- _What you are asked to do_
Would you please repeat, word for word, only the lines from the one holding "董存瑞小的时候就非常热爱学习" through the one holding "Vídeos que circulam" in the material below, without the pictures?

BEGIN Dataset excerpt

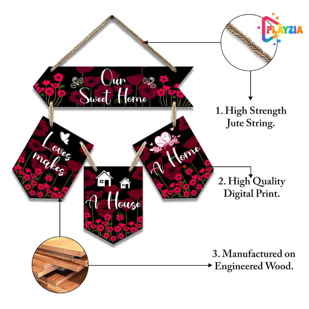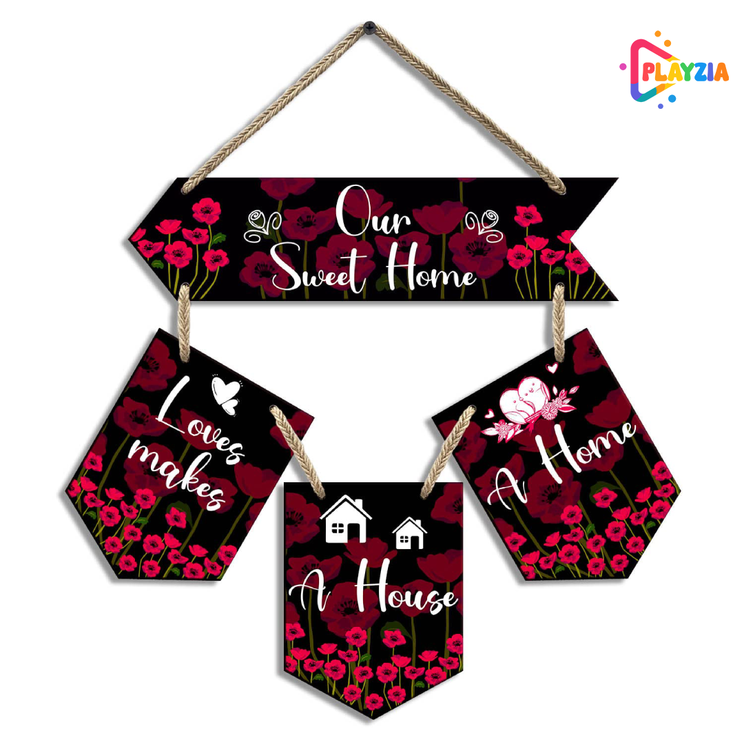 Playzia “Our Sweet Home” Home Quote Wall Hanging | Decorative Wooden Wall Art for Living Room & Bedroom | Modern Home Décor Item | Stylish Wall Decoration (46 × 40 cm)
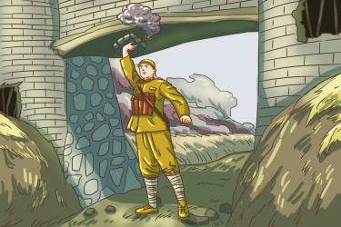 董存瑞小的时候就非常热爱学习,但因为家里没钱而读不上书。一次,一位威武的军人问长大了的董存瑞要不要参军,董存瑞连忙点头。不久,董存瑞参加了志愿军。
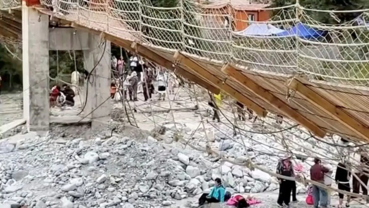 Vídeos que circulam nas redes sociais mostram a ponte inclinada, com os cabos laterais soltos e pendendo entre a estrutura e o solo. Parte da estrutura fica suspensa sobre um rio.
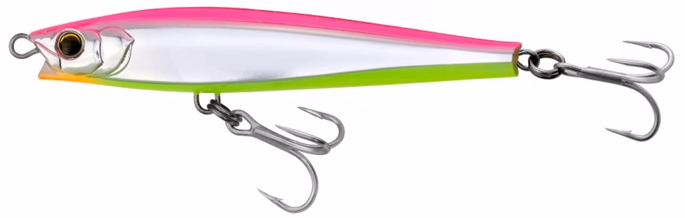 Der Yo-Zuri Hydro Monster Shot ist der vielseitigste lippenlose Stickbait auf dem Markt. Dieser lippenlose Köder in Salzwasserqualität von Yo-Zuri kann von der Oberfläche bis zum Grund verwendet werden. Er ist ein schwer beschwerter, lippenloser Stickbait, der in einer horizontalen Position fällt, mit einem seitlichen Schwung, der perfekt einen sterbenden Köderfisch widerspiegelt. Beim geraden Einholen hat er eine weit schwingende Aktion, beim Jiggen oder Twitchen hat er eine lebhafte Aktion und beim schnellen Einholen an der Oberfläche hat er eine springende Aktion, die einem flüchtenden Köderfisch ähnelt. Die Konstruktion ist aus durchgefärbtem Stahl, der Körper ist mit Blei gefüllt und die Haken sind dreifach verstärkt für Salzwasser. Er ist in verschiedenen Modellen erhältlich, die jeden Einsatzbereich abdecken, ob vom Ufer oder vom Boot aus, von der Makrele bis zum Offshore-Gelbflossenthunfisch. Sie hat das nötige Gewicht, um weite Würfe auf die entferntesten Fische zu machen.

END Dataset excerpt

- _Exercise answer_
 董存瑞小的时候就非常热爱学习,但因为家里没钱而读不上书。一次,一位威武的军人问长大了的董存瑞要不要参军,董存瑞连忙点头。不久,董存瑞参加了志愿军。
 Vídeos que circulam nas redes sociais mostram a ponte inclinada, com os cabos laterais soltos e pendendo entre a estrutura e o solo. Parte da estrutura fica suspensa sobre um rio.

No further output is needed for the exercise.